A taxonomy of endpoint security detection bypasses

blog-security-endpoint-720x420.png

I often see “EDR” used as a synonym for “industry-leading endpoint security solution.” There are times when this is accurate, but there are also times when I believe that this generalization stymies discourse around current capability gaps in the endpoint security ecosystem.

In this blog post, I want to share my personal taxonomy for endpoint security products — albeit one that perhaps confusingly reuses existing terminology. The proposed taxonomy suggests using complementary feature set descriptions, each with strengths and weaknesses, rather than a generational definition with concentric features. This allows a more nuanced discussion about the specific defensive feature at play in a given scenario.

So yes, the “EDR” was bypassed at a point in time — but which set(s) of detection features were actually bypassed? Was it file content (AV), process behavior (EPP), or telemetry logging (EDR)?

Note: There is a significant Windows bias to this blog due to its market dominance in the endpoint operating system market.

The taxonomy

Evolution is messy. It is difficult to observe as it happens, and our understanding today may not be relevant tomorrow. This is also true if we could go back in time: we can't look at endpoint security through an outdated lens. So I’m going to define endpoint security by what I see now — which is not necessarily the same as what we understood at the time it started. 
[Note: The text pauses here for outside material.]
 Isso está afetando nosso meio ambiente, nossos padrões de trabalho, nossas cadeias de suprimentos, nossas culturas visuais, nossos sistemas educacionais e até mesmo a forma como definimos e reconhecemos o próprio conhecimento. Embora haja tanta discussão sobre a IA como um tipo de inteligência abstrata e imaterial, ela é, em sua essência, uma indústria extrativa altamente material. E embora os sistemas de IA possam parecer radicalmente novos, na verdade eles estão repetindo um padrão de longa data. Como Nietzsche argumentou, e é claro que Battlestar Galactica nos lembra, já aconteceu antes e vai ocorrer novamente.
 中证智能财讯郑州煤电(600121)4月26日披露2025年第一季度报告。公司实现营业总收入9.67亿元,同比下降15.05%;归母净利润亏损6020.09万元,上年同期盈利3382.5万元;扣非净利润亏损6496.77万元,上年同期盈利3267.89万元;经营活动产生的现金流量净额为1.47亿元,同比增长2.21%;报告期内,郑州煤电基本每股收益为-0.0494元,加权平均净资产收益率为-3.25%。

I’ve observed five distinct protection feature sets in contemporary endpoint security agents:

  • Endpoint Firewall — Point in time network protection
  • Endpoint Antivirus (AV) — Point in time executable content protection
  • Endpoint Protection Platform (EPP) — Point in time runtime behavior (API) protection
  • Endpoint Detection and Response (EDR) — retrospective network, content, and behavior detection
  • Data Loss Protection (DLP) — sensitive data loss and leakage protection
 

network

executable

behavior

behavior

point-in-time prevention

Firewall

AV

EPP

DLP

historical detection

 EDR  

Currently (endpoint) AV is typically used to refer solely to the pre-execution point-in-time scanning of binary or script content. Modern AV typically includes a cloud platform component — to avail itself of greater computing resources to analyze first-seen samples and support slightly delayed point-in-time detection.
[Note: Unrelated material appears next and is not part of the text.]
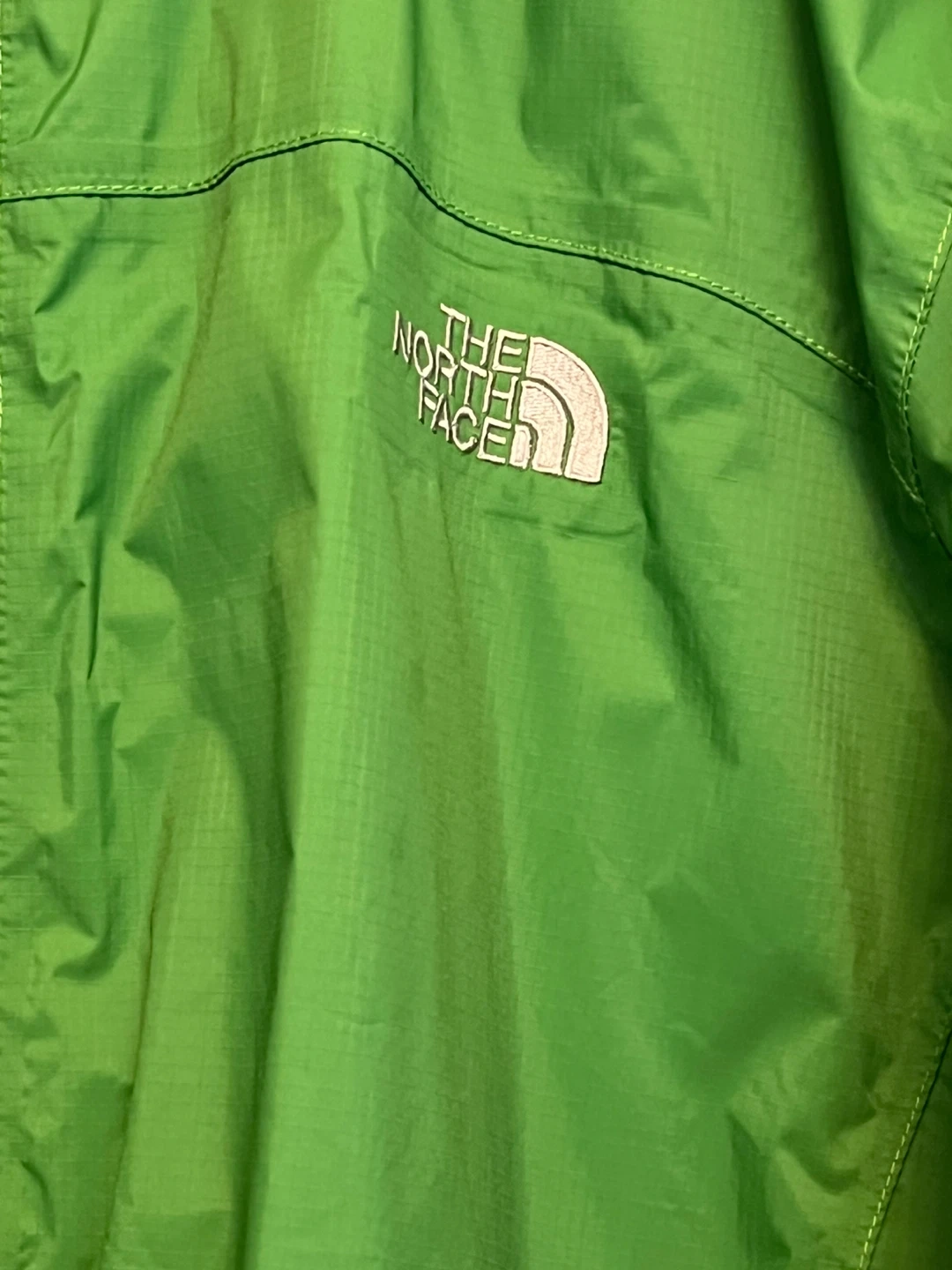 This is a green hooded rain jacket from The North Face. It's made of waterproof material and features a full zip closure with a drawstring hem. Great for keeping dry on the go!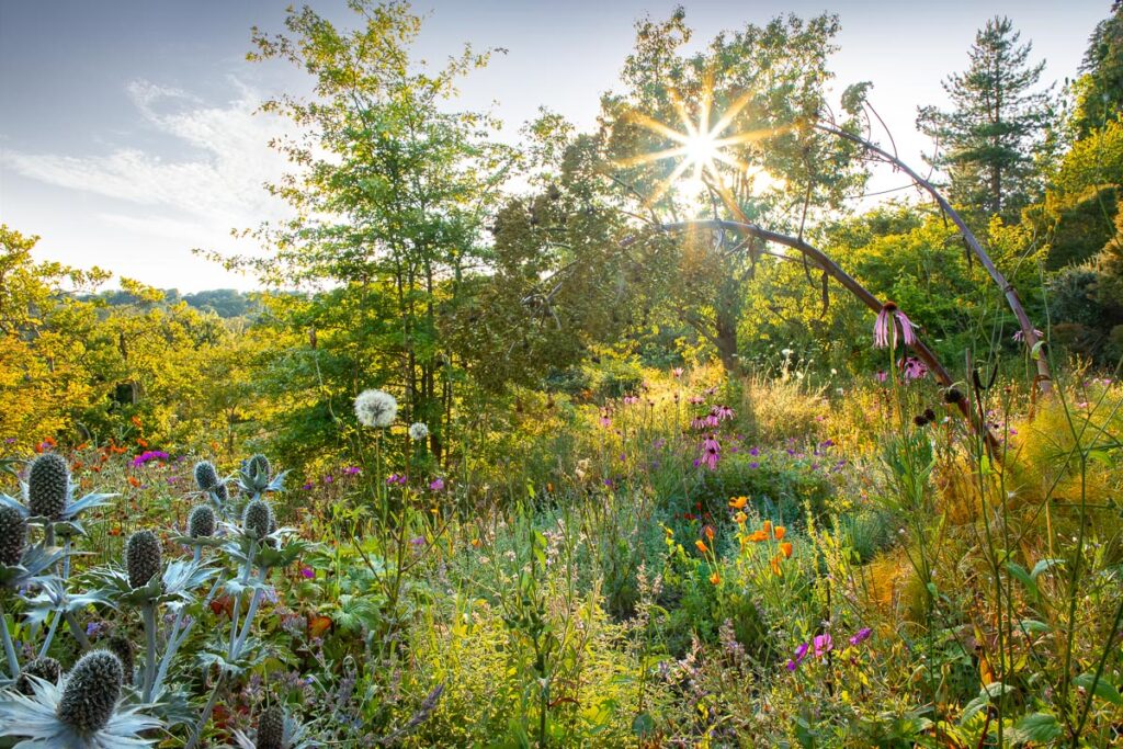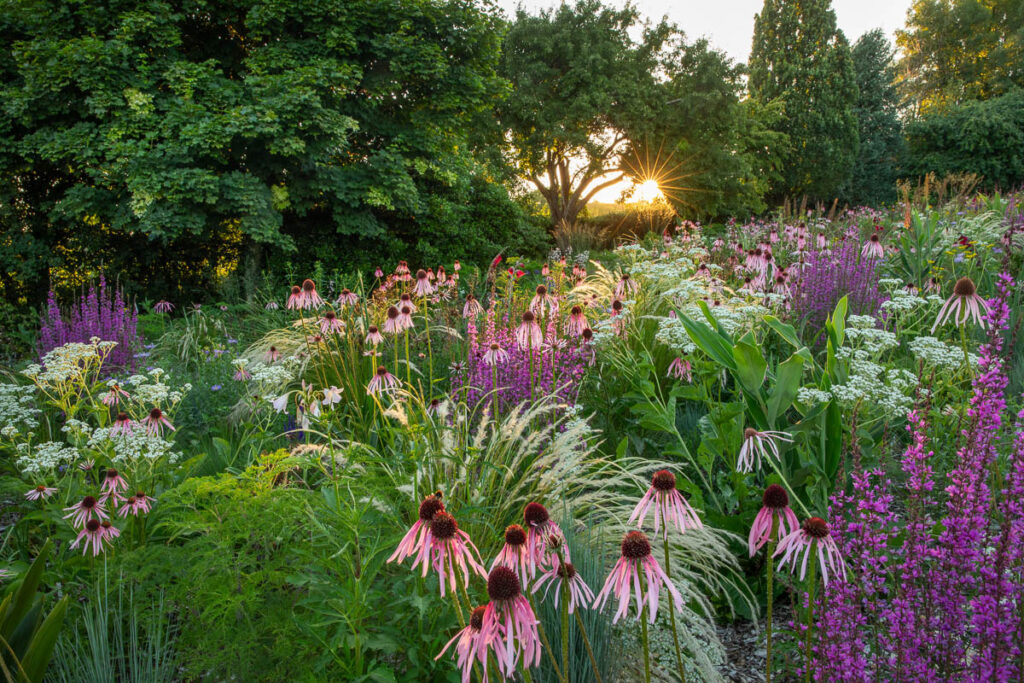 Especialista en fotografía de plantas y jardines, la brillante fotógrafa británica Marianne Marejus vuelve a sorprenderos con una bellísima foto realizada justo antes del atardecer en un jardín privado diseñado por James Hitchmough. En la imagen se aprecia la luz del sol filtrándose a través de la pradera de vivaces, y que iluminaba en aquel instante un macizo de flores de Echinacea pallida.

EPP was introduced as a market segment by Gartner to encompass the next evolution of endpoint security products. Indicative features included cloud assistance, behavioral detection, and remote response actions. Cloud assistance is now ubiquitous, and response is more commonly associated with EDR, so I’ve chosen to focus my EPP feature set definition on products that provide point-in-time behavioral protection. That is, products that will prevent certain API calls from executing based on the parameters specified and the system state.

A competing classification at the time was Next-Generation Antivirus (NGAV), though this term has since become increasingly more widely known for “signature-less” machine learning approaches to content classification. 

A detection is the combination of some raw telemetry and some detection logic. The key differentiator for EDR over AV and EPP is that it sends telemetry — not just detections. The primary benefit is the ability for users to write (or tune) detection logic specific to the environment — though the trade-off is that these detections are inherently retrospective.

The secondary benefit, whether the vendor has realized it or not, is the ability to aspire toward near-limitless historical detection. This is distinct from the slightly delayed point-in-time detection that both AV and EPP can perform. An EDR arguably should be able to perform retrospective detection at times scaled in months and years, not just days and weeks. The exemplar here is that AV sends immediate alerts whereas EDR sends observed file hashes. If an AV updates its detection, it can only apply these from the current point in time onward — whereas an EDR can retrospectively indicate that malware was present in the past.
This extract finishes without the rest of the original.